An inter-delivery interval of less than 18 months appears to increase the risk.6
The risk appears to be higher in pregnancies of gestational age greater than 40 weeks, and for women with a previous caesarean, the risk is reduced if they have also had a previous vaginal delivery.3
Prior uterine surgery (including myomectomy, curettage, induced abortion, manual removal of the placenta).
Uterine anomalies - eg, undeveloped uterine horn.
Trauma - eg, traffic collision.
Use of rotational forceps.
Obstructed labour.
Induction of labour - prostaglandins should be used with caution during a trial of labour.
Cervical laceration.
Medically induced termination after 16 weeks of gestation.
Hydramnios.
Macrosomia and fetal anomaly - eg, hydrocephalus.
Malpresentation (brow or face).
Choriocarcinoma.
Other procedures with high risk of uterine rupture include internal podalic version and extraction, destructive operations and manoeuvres to relieve shoulder dystocia.
Preventing uterine rupture
Unfortunately, uterine rupture cannot be adequately predicted for women wanting a trial of labour following a previous caesarean section.7 Doctors should review the medical history for risk factors and counsel regarding her relative risks, benefits, alternatives and probability of success.
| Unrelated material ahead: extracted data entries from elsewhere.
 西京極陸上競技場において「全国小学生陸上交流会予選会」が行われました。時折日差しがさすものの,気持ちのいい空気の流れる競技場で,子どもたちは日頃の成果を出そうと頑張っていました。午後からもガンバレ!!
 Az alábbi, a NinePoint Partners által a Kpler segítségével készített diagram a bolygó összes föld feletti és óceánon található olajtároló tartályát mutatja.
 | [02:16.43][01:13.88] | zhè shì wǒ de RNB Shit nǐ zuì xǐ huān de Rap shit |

Women should be informed that planned VBAC is associated with an approximately 1 in 200 (0.5%) risk of uterine rupture.3
Usually, shared care undertaken with an obstetrician is appropriate for any woman with a previous caesarean section.
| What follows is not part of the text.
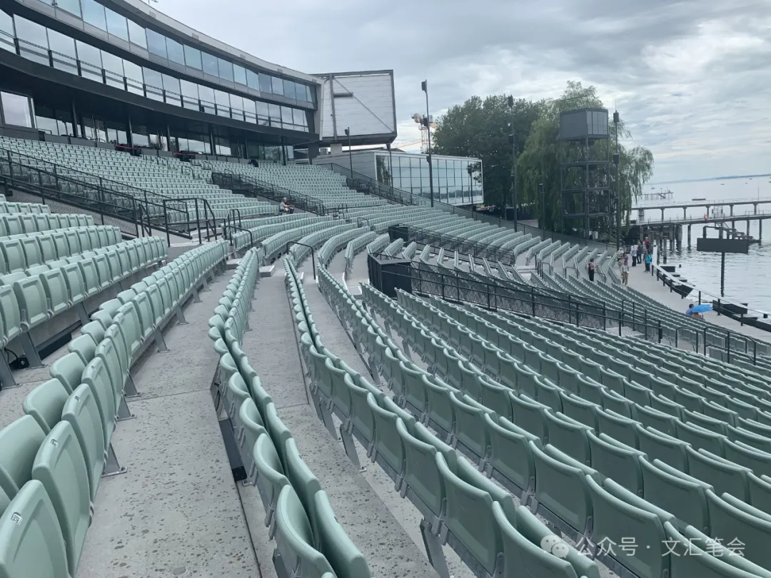 既然千里迢迢来到奥地利,总想多见识一下。翌日下午,我再次坐火车去布雷根茨。当日艳阳高照,火车又在昨晚观演处靠站。从车站出来,没想到昨晚演出歌剧《蝴蝶夫人》的湖畔剧场竟然敞开着,可以随意进去参观。昨晚光顾着观演,没有好好考察这座不平凡的剧场。我踱进剧场,从不同角度观察舞台,原来那张轴卷似的纸张舞台,背面有巨大的后台,所以演员进出有充分的回旋余地。观众席的濒水处有很粗的围栏,围栏上图文并茂地详细描绘了搭建舞台的过程。
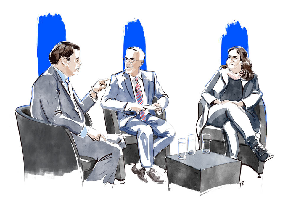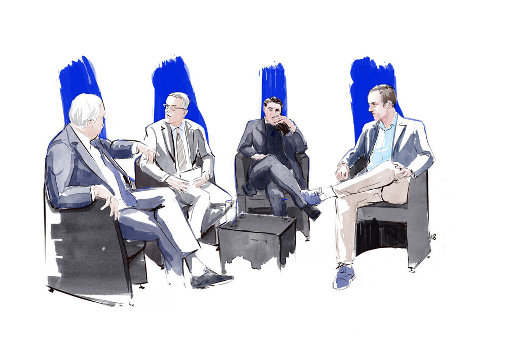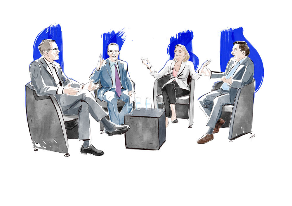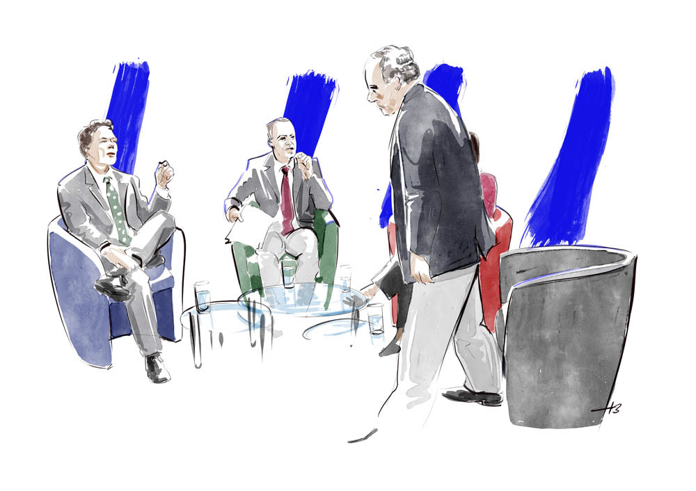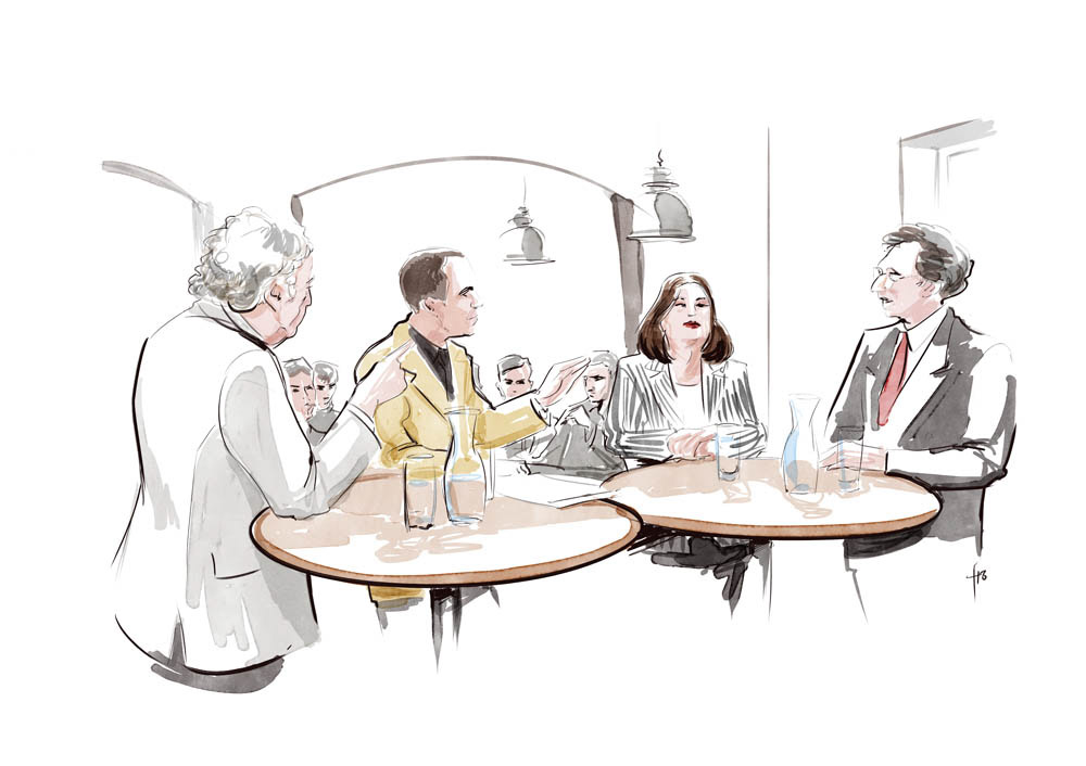 Here is a series of drawings that I made in commission for Eggert+Friends, Zurich, who needed a set of illustrations for the anniversary event of TeleZueri's political talkshow Sonntalk.

A few circumstances (prior classic or T-shaped incision and unavailability of facilities for emergency caesarean delivery) will preclude a trial of labour. In most instances, however, National Institute for Health and Care Excellence (NICE) guidance advises that the decision about mode of birth following a previous caesarean should take into consideration:8
Maternal preferences and priorities.
A general discussion of overall risks and benefits of repeat caesarean section versus VBAC, including the risk of an unplanned caesarean section.
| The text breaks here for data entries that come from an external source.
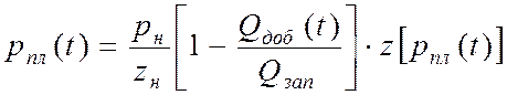 2) По уравнению материального баланса газовой залежи для реального газа определяю зависимость изменения во времени среднего пластового давления, используя метод итераций:
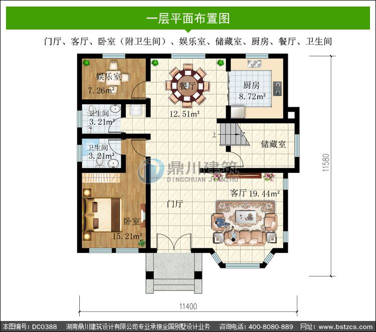 | 一 層: | 門廳、客廳、臥室(附衛生間)、娛樂室、儲藏室、廚房、餐廳、衛生間 | |||
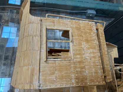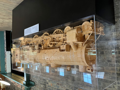 Terry Woodling of Warsaw, Indiana built this toothpick K4 Pacific over a period of seven years, completing it in 1991. It is eight feet long and a one-sixth scale model of Pennsylvania Railroad 4-6-2 417. It contains 40 lbs. of glue and 421,250 toothpicks and its wheels, side rods, brakes and windows all move.
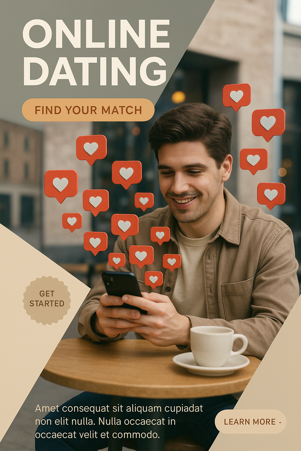 A young man sits in a cafe, engrossed in his phone, surrounded by colorful chat bubbles featuring heart icons. The warm atmosphere enhances the theme of online dating.

Women who have had a previous caesarean section but also a vaginal birth can be advised that they are more likely to achieve a vaginal birth than women who have only had a caesarean birth.
Those who opt for a trial of labour should be offered close monitoring during delivery and care during labour in a unit where there is immediate access to emergency caesareans and an on-site blood transfusion service.8
Induction of labour - considerations to reduce the risk of uterine rupture9
NICE guidance states that women with a previous caesarean section can be offered induction of labour but that they should be aware that the risk of uterine rupture and of needing an emergency caesarean are both increased.8
When a planned VBAC is induced, the uterine rupture risk is around three times higher if prostaglandin is used than in a non-prostaglandin-based regimen.10
Decisions regarding induction and augmentation of a planned VBAC should be made using a shared decision making model, with advice from a consultant obstetrician.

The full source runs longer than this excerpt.